Product Description Gabriela Brimmer (1947-2000), born with cerebral palsy, communicated largely by typing with her left foot on an electric typewriter, and by using that foot to point at letters and numbers on an "alphabet board" at the base of her wheelchair. Raised by her mother, Sari, and Mexican caregiver Florencia Morales Sanchez, Gaby gained admission to Mexico City public schools, attended the prestigious National Autonomous University of Mexico, and became a key figure in launching Mexico's disability rights movement. With the text structured by renowned writer Elena Poniatowska to alternate Gaby's voice with those of her mother and Florencia, this volume is both the memoir of an extraordinary woman and a unique and imaginative form of autobiographical writing.
Customer Reviews: Superb and Inspiring Autobiography!August 4, 2009 Rrose Selavy(Arizona USA) 4 out of 4 found this review helpful
I'm delighted to read this fascinating autobiography (in "three voices" as the translator points out) that sets forth the life of a leading disability rights activist in Mexico.
The main part of the text consists of a "conversation" of sorts, between Gaby Brimmer, who was born with cerebral palsy and who, using her left toe, wrote and communicated and fought her way into recognition, through the help of her "two mothers." One is Florencia, the nurse who took care of Gaby, who also has a major voice in the book: born in an impoverished family in Mexico's South, Florencia brought Gaby to school and helped her in all her daily live.
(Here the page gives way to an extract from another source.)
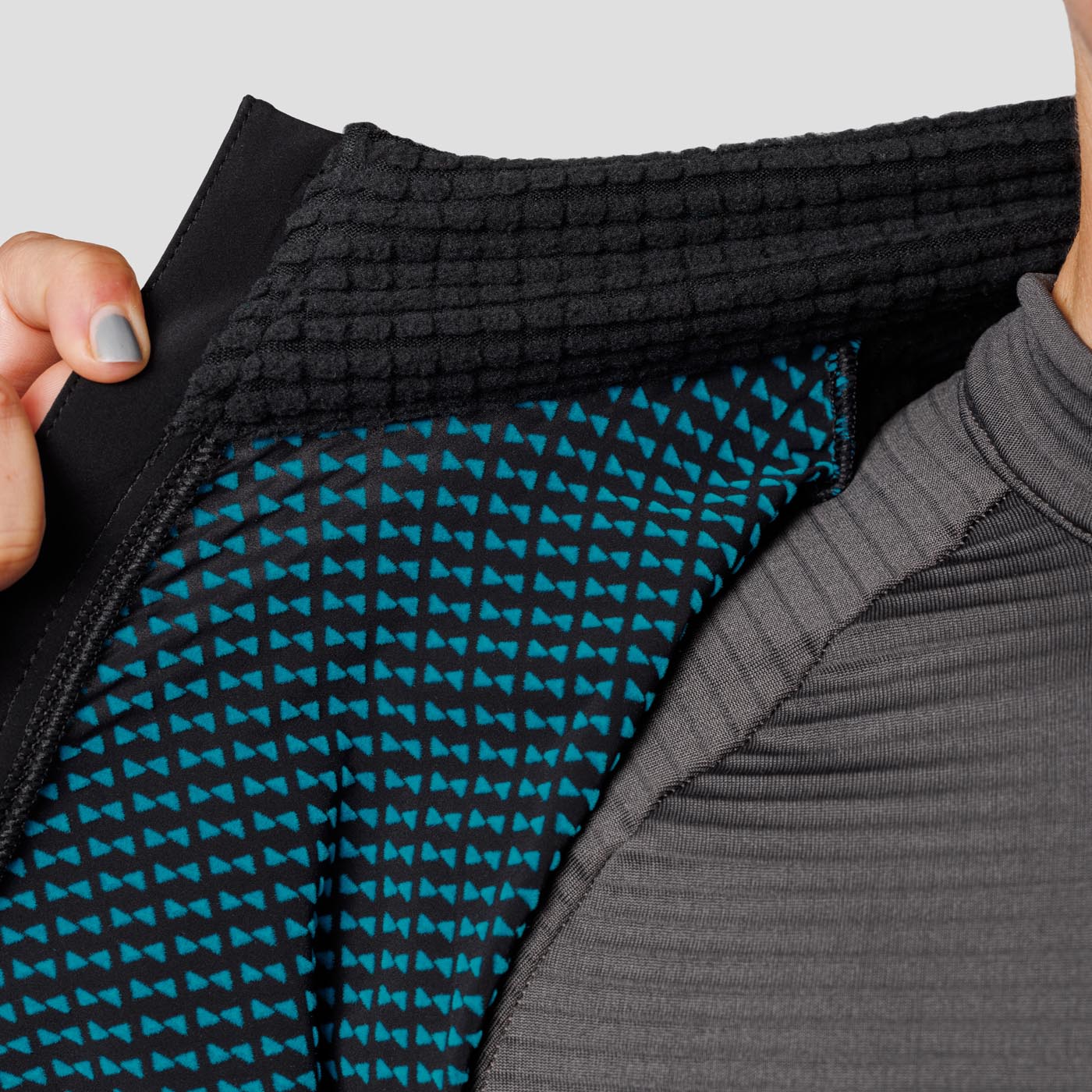 Each strand of fiber used in this fabric has a patented treatment that permanently resists moisture. This makes the jacket water-resistant and quick drying without a membrane or a coating that can wash off.

There's also Gaby's mother, a successful businesswoman, who constantly worries about matters such as what will happen to Gaby after she, her mother, dies. And there is Gaby's voice throughout, rebellious, funny, irreverent, indomitable.
All of this is put together by Elena Poniatowska, one of contemporary Mexico's most gifted and extraordinary writers, whose fluency and grace and ability to select the perfect analogy, are incomparable. Finally, the book contains a short memoir of Gaby by another disability rights activist who knew Gaby well, as well as a superb essay putting Mexico's disability rights discourse into the context of disability theory world-wide. A useful historical summary describing the development of disability rights activism in Mexico is also included. The translation by Trudy Balch is first-rate, beautifully capturing the different voices of all those involved in this struggle for rights and recognition which involves some of the most serious ethical debates of our time.